** Opening SOURCE DATA block **
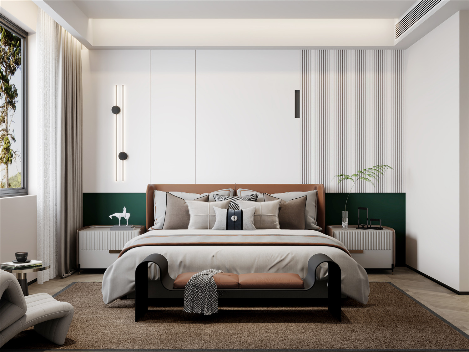 原有结构的横梁较为突兀,设计师以层级吊顶设计,完美衔接墙体与顶面,让横梁结构更美观和谐 6686官方版app,床头硬包造型线条简洁流畅,再以金色线框勾勒点缀,简约不失质感,主卧整体的配色以清浅柔和为主,营造出温馨舒适的就寝氛围。
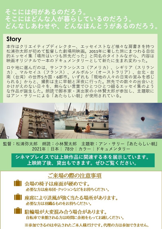 シネマプレイス~夜の映画会~『場所はいつも旅先だった』
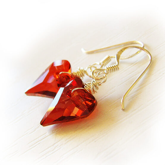 Sexy heart faceted earrings created with gorgeous shimmering swarovski crystals in a red ruby color , wrapped in sterling silver wire and set in sterling silver hoops.
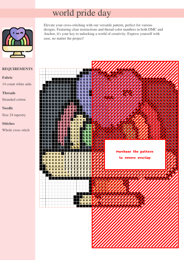 Celebrate World Pride Day with this vibrant and inclusive cross-stitch pattern! This design features a joyful rainbow heart encircled by interconnected flags representing the diverse LGBTQ+ community. Stitched with meticulous detail, the bold rainbow color scheme is easily achievable using readily available DMC and Anchor threads; color codes are clearly listed in the pattern for your convenience. The pattern includes clear and concise instructions, making it perfect for both beginner and experienced cross-stitchers. Download your PDF pattern instantly after purchase and start stitching! This design is ideal for creating a unique and meaningful wall hanging, pillow cover, or other personalized craft project. The finished piece is approximately 6″ x 6″ (dimensions may vary slightly depending on stitch count), making it a perfect size for various crafting projects. Express your support for LGBTQ+ rights and celebrate diversity with this beautiful and impactful piece of art. Show your pride!
** Closing SOURCE DATA block **
Using the data above, print only the lines starting at the one with "シネマプレイス~夜の映画会~『場所はいつも旅先だった』" and ending at the one with "Sexy heart faceted", exactly as they stand, minus the pictures.

 シネマプレイス~夜の映画会~『場所はいつも旅先だった』
 Sexy heart faceted earrings created with gorgeous shimmering swarovski crystals in a red ruby color , wrapped in sterling silver wire and set in sterling silver hoops.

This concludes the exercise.